Finding an SBOE Balance: District Roundup

SBOE contests around the state

At least a minimal level of change on the State Board of Education was guaranteed last December, when District 10 board member Cynthia Dunbar announced she would not run for re-election. But the SBOE's conflicts have been about ideology, not individual candidates – the concern for moderates and progressives around Texas is whether seats can be taken back from the fundamentalist bloc that holds seven of the 15 slots on the board. In that battle, the anti-fundamentalist fight could be seen as having taken two steps forward and one step back – and one of those forward steps is uncertain.

District 9: The forward step that appears to be a lock is in District 9 (Central East Texas–College Station up to Red River). In the Republic­an primary, moderate Thomas Ratliff used both his well-known name – his father is popular former Lt. Gov. Bill Ratliff – and the antics of the incumbent to take down former SBOE Chair Don McLeroy. McLeroy, a Bryan dentist who believes the Earth is only 6,000 years old, became the poster boy for creationist dogma and lost his chairmanship when more than a third of the state senators refused to confirm his renomination by Gov. Rick Perry. Ratliff's race against McLeroy was hard-fought, but enough Repub­licans were sufficiently embarrassed by McLeroy to give Ratliff the win, by just 402 votes of the 116,204 cast. Ratliff now faces only Libertarian Jeff McGee and Green Paul Cardwell in November. Unless the radical right makes a stunning rally behind McGee, Ratliff is as good as seated.

District 10: The less certain progress was made in Dunbar's stepping down, followed by her handpicked successor's defeat in the primary. That defeat still leaves uncertainty – a win by Democrat Judy Jennings would thrill progressives, but a victorious Republican Marsha Farney will be good news only if her "Common Sense Conservative" motto actually translates into sensible votes; thus far, she hasn't firmly rejected fundamentalist ideology.

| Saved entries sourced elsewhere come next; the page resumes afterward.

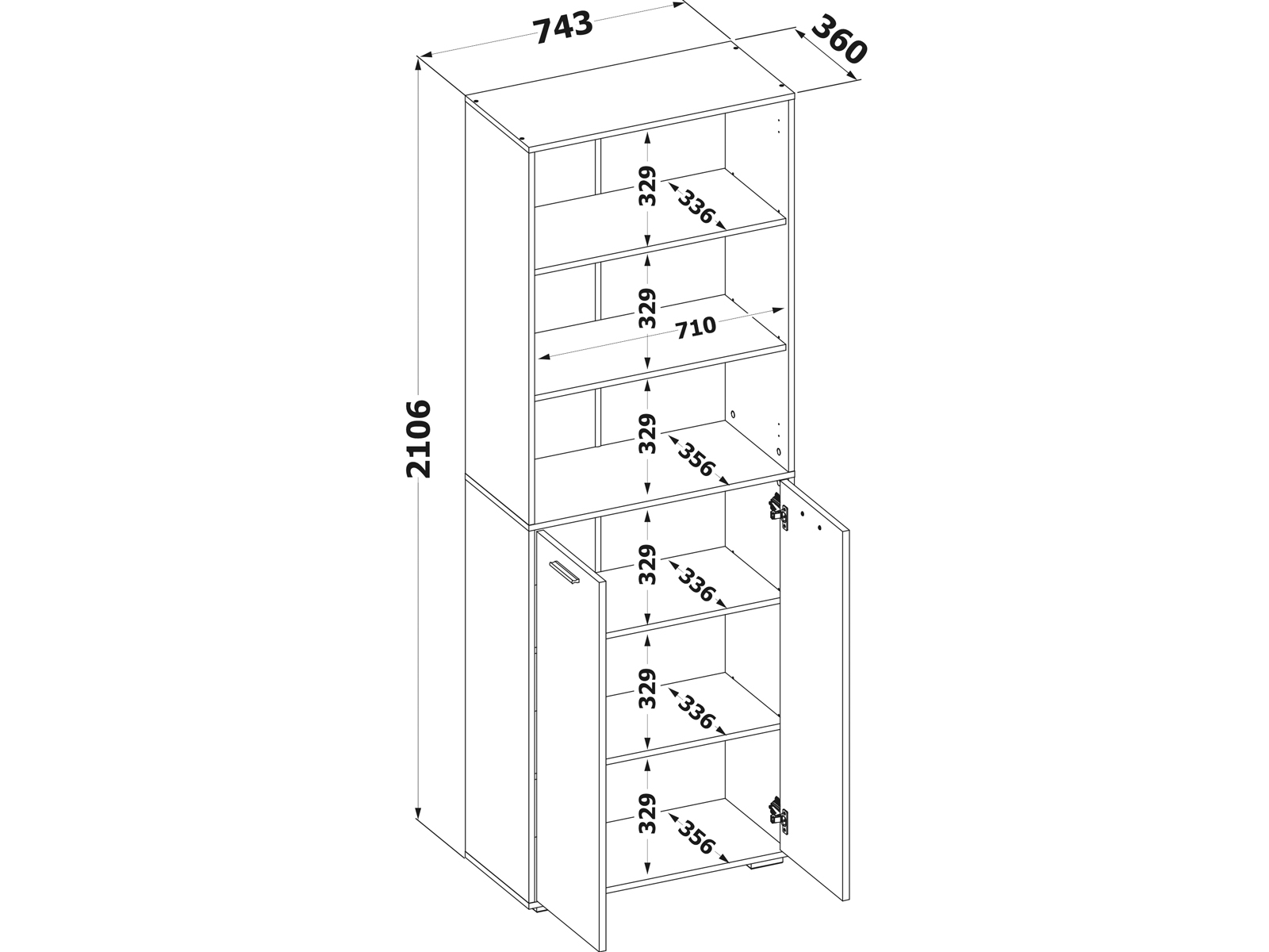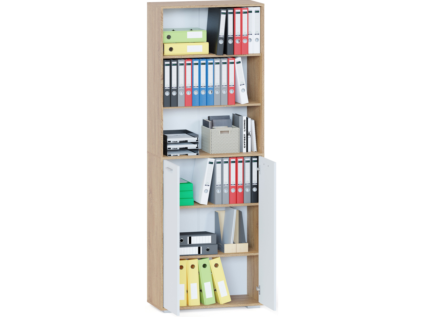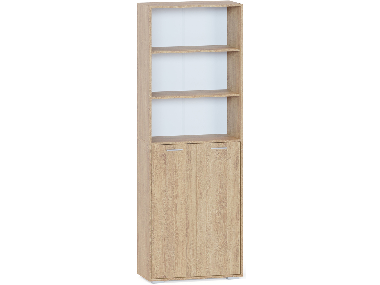 Стеллаж ШУ-353 — универсальное решение для тех, кто ценит практичность и стиль. Подойдет для хранения документов, канцелярии и книг в вашем офисе. А также дополнит интерьер дома. Вместительный стеллаж имеет три открытые полки, а также нижнюю часть с распашными дверьми и тремя полками. Корпус и полки изготовлены из качественного ламинированного ДСП толщиной 16 мм, самого популярного материала для производства корпусной мебели, обеспечивающего необходимую прочность и долговечность деталей.
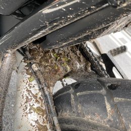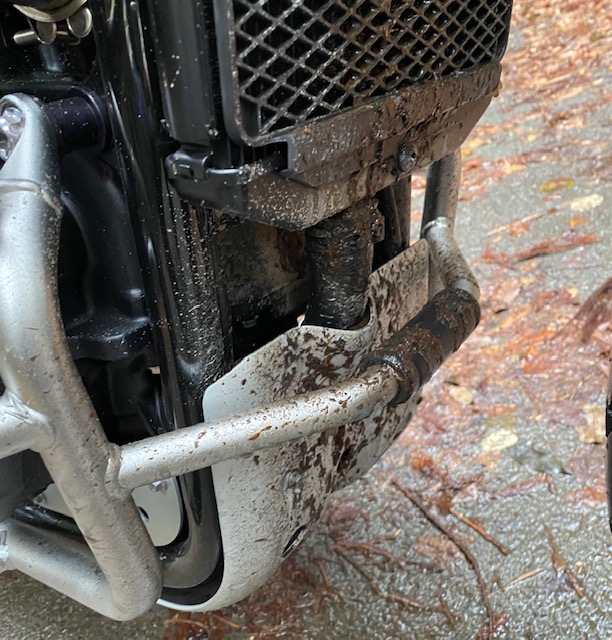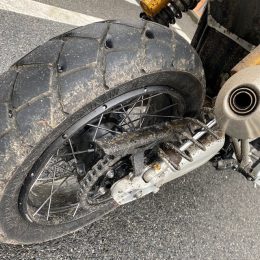 今回のツーリングは難ありルートを通ったせいもあって、どこもかしこも泥んこだらけ。さすがに、このままでは可哀そうなので洗車場によって洗うことに。シート後ろにまで泥が跳ねてるってことはジャケットの後ろ姿は・・・・ご想像通り・・・。(※写真撮り忘れましたが、もちろん、帰ってすぐに洗いましたよ。)
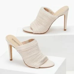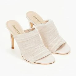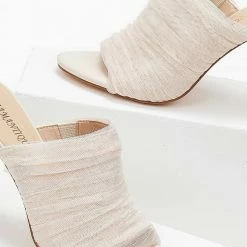 Mules με φαρδιά φάσα ντυμένη με τούλι. Έχουν διακριτικό λάστιχο στην εσωτερική τους πλευρά. Ψηλό λεπτό τακούνι.
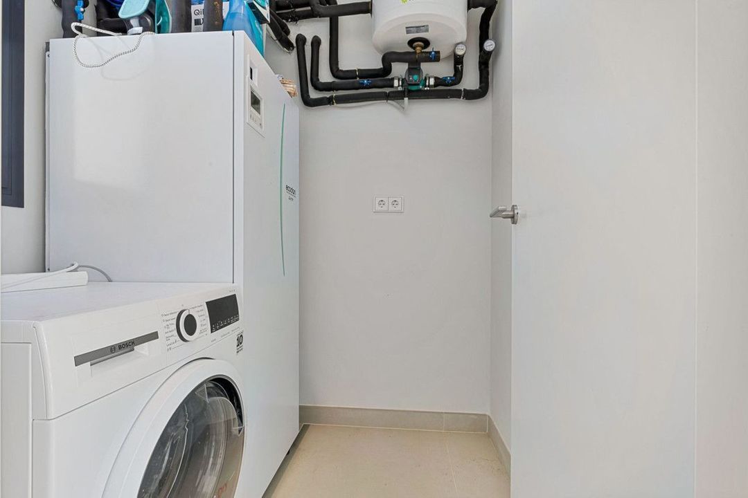 The bright living room opens seamlessly onto an impressive 103.60 m² private rooftop terrace — a true Mediterranean retreat. Here you will find a heated private swimming pool, sun loungers, a stylish lounge area, and an outdoor dining space. This is the perfect setting to enjoy both sunrise and sunset in complete privacy. Additionally, the apartment features a smaller 12 m² balcony.

District 12: The likely step backward was the primary defeat of Geraldine "Tincy" Miller (north suburban Dallas) – one of only three Republicans on the board who defended the teaching of evolution and rejected creationism (the others were Lubbock's Bob Craig and Weath­er­ford's Patricia Hardy). Miller was taken down by George Clayton, a Dallas Independent School District administrator, who's a bit of a cipher. While his dislike of "teaching to the test" – the overemphasis on standardized testing that plagues Texas schools – is encouraging, science teachers must have cringed when he told the Dallas Observer, "It's an impossibility to talk about evolution without mentioning creationism." The defeat was stunning – according to the Texas Tribune, Clayton spent a mere $1,788 on the campaign, against Miller's $54,685 and her tenure dating back to 1984. That tiny bit of cash netted him almost 52% of the vote. Only Libertarian Amie Parsons now stands between Clayton and the SBOE.

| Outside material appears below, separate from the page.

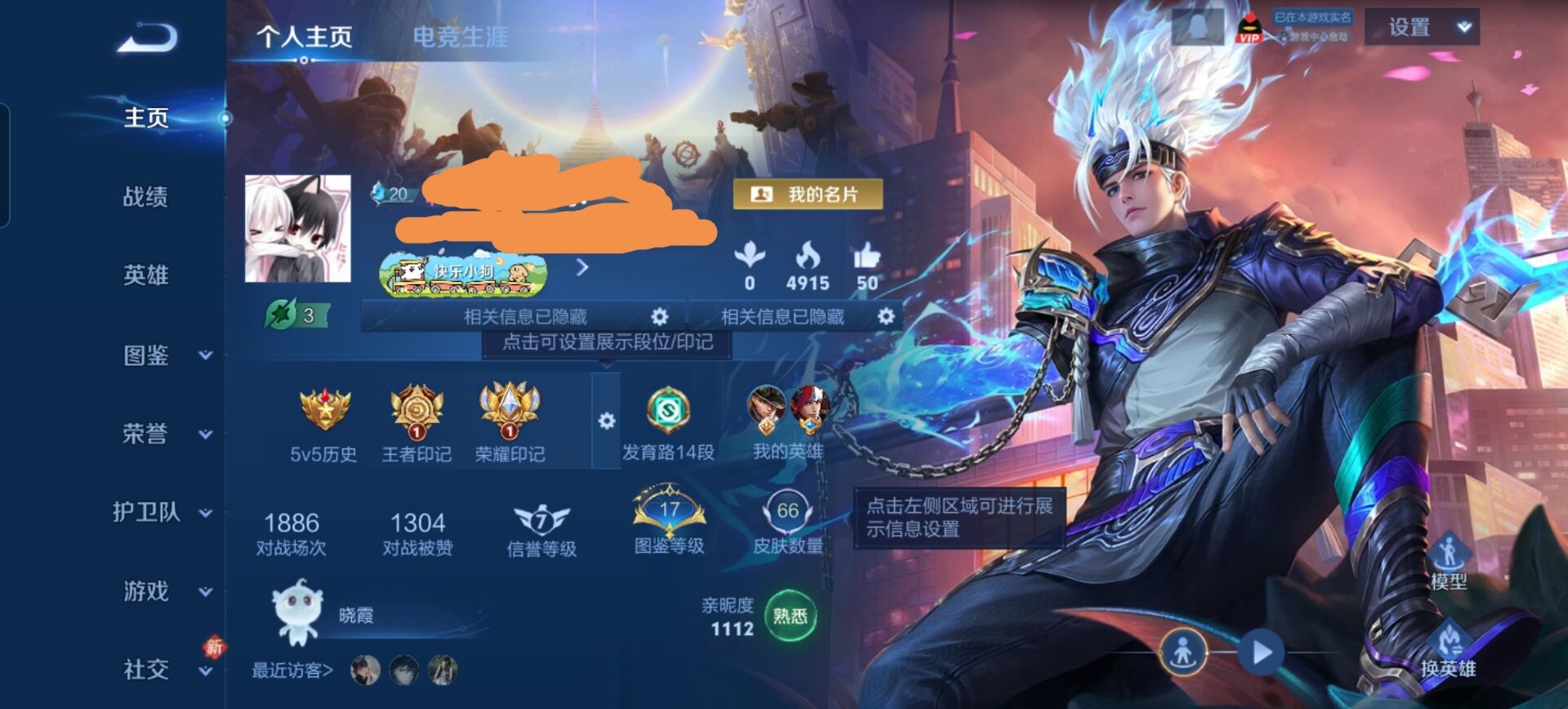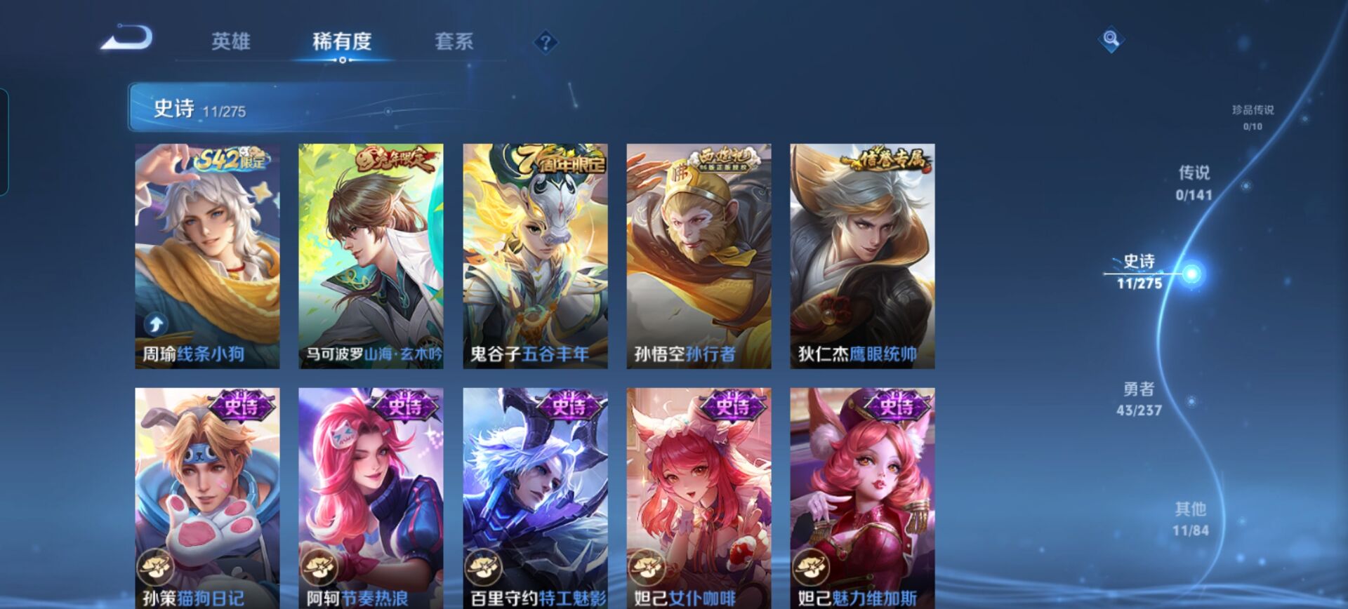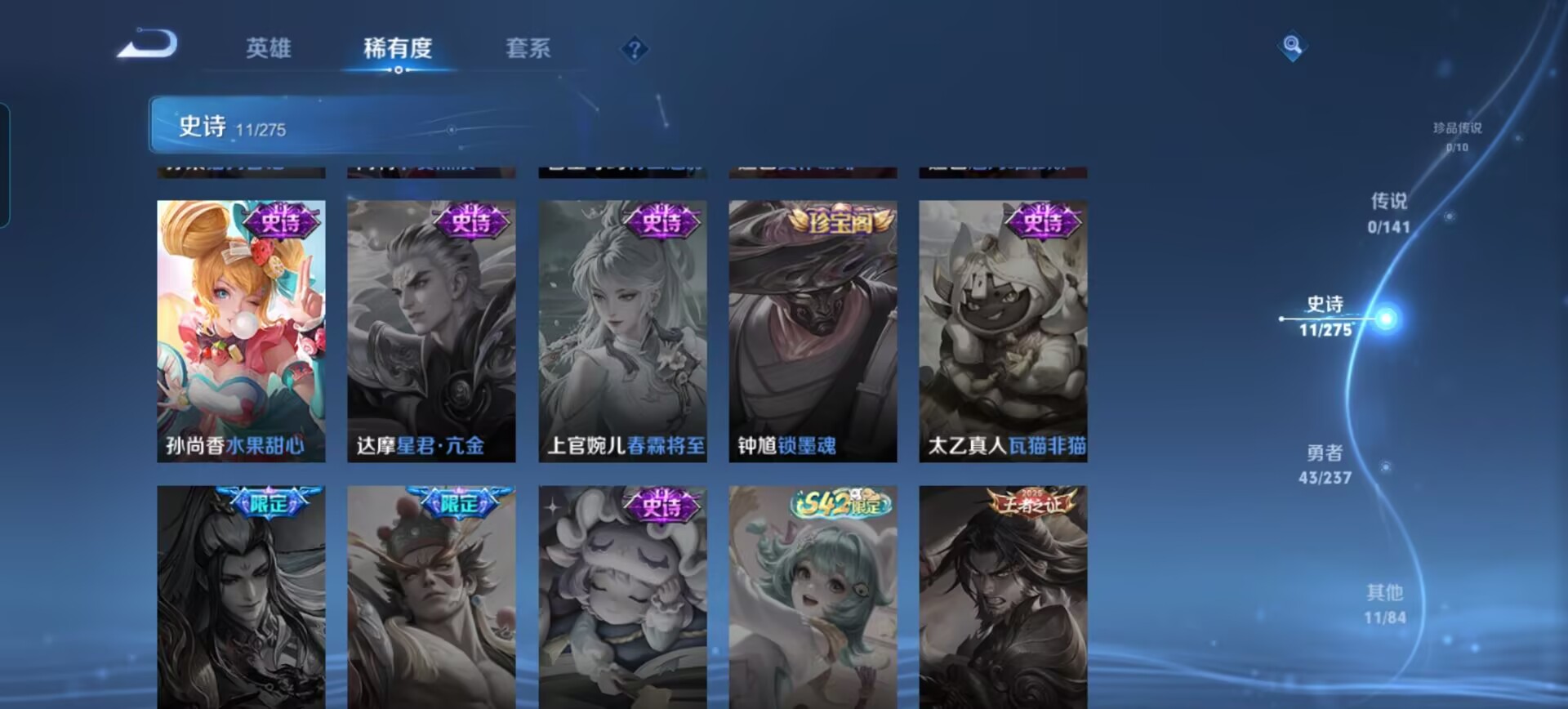 贵族等级:v4皮肤数:66生肖限定1 荣耀典藏1 英雄数:109

District 3: Another seat that's a question mark: Democrat Rick Agosto (San Antonio down to the Valley) was always considered an unreliable swing vote, sometimes siding with the fundamentalists at crucial moments. Amid charges that he had business relationships with companies seeking contracts from the board, he decided not to run for re-election. Democrat Michael Soto, a Trinity University literature professor, appears likely to replace him, although Republican Tony Cunningham drew a respectable number of votes in the primary.

District 5: This conservative district (the Hill Country, including southern Travis County) seems likely to re-elect conservative ideologue Ken Mercer over Democratic educator Rebecca Bell-Metereau.

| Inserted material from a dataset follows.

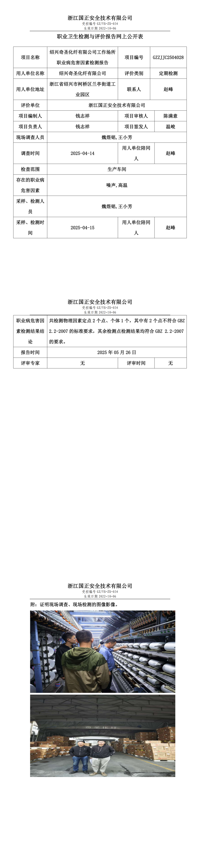 绍兴奇圣化纤有限公司职业卫生检测与评价报告网上公开表
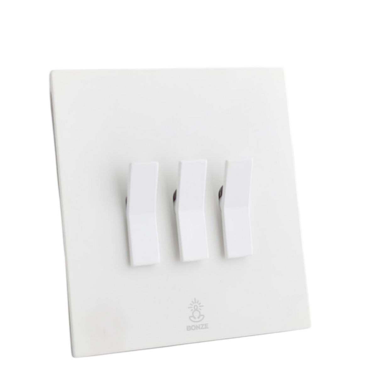 Декоративный выключатель Aura Белый лед, BAW3KBE Bonze трехклавишный - это прекрасное решение для любого современного интерьера: классика, лофт, модерн, минимализм, винтаж и другие.

Incumbents either unopposed or facing only token opposition:

Finding an SBOE Balance: District Roundup

District 1: Democrat Rene Nuñez, southwest border

District 4: Democrat Lawrence A. Allen Jr., Houston

District 15: Moderate Republican Bob Craig, the Panhandle

The Fundamental Divide

Christian fundamentalists have for years held sway on the 15-member State Board of Education. Here's a statewide breakdown of the current membership and what to expect after the November election – and a bit of uncertainty in at least three districts, including the open District 10 race between Democrat Judy Jennings (sane) and Republican Marsha Farney (who could swing either way).


Sane

D 1 Rene Nuñez D
D 2 Mary Helen Berlanga D*
D 4 Lawrence A. Allen Jr.
(vice chair)
D
D 9 Thomas Ratliff R (most likely to replace Don McLeroy, R, not sane)
D 11 Patricia Hardy R*
D 13 Mavis B. Knight D*
D 15 Bob Craig R

Not Sane

D 5 Ken Mercer R (likely to fend off Rebecca Bell-Metereau, D)
D 6 Terri Leo R*
D 7 David Bradley R*
D 8 Barbara Cargill R*
D 14 Gail Lowe (chair) R*

Not Sure

D 3 Michael Soto/
Tony Cunningham
D/R (replaces Rick Agosto, D, semi-sane)
D 10 Jennings/Farney D/R (replaces Cynthia Dunbar, R, not sane)
D 12 George Clayton R (replaces Geraldine Miller, R, sane)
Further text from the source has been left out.